------ Information provided

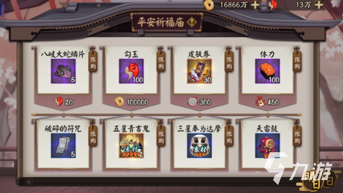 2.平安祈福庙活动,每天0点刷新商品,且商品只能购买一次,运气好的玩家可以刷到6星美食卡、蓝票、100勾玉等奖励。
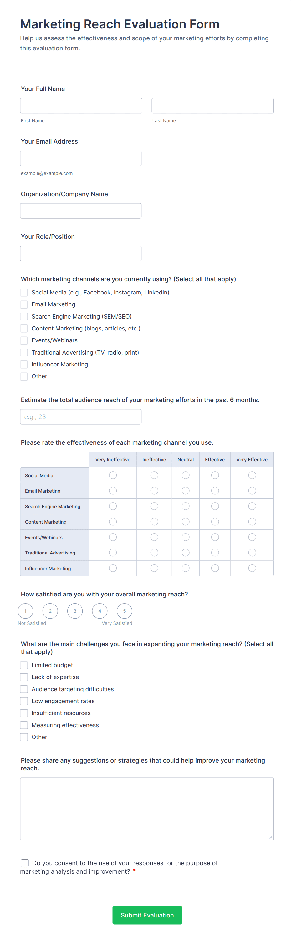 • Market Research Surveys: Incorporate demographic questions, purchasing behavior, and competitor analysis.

------------
------ Information provided

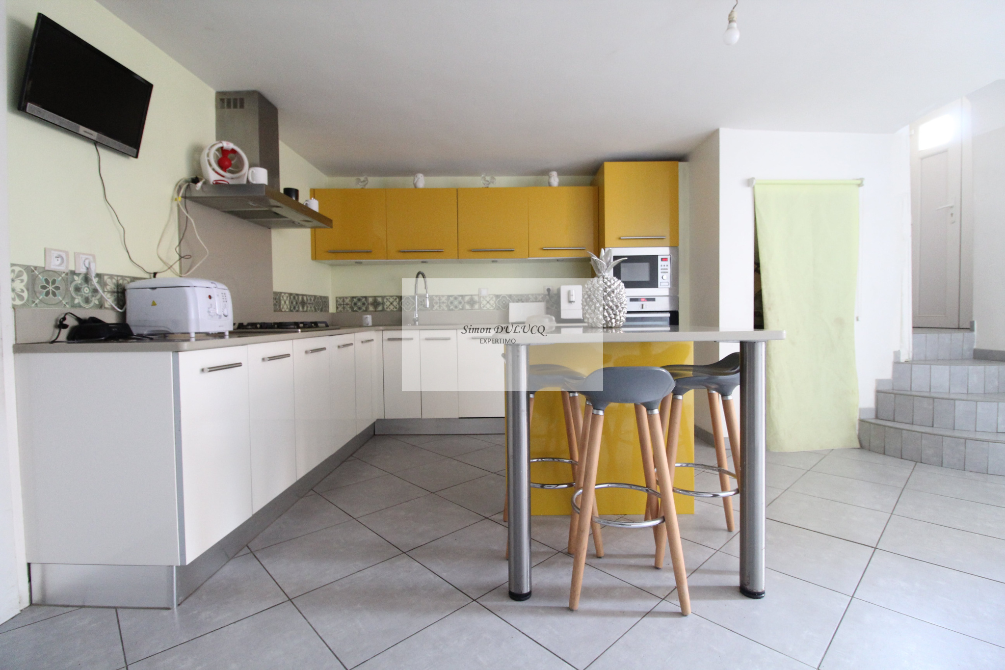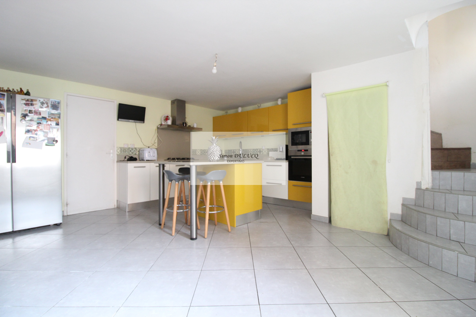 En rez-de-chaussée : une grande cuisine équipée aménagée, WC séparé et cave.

------------

- _Instructions for the task_:
Repeat exactly, and only, the entries from the line with "2.平安祈福庙活动,每天0点" through the line with "and competitor analysis.". Pictures are skipped.

- _Answer to this task_:
 2.平安祈福庙活动,每天0点刷新商品,且商品只能购买一次,运气好的玩家可以刷到6星美食卡、蓝票、100勾玉等奖励。
 • Market Research Surveys: Incorporate demographic questions, purchasing behavior, and competitor analysis.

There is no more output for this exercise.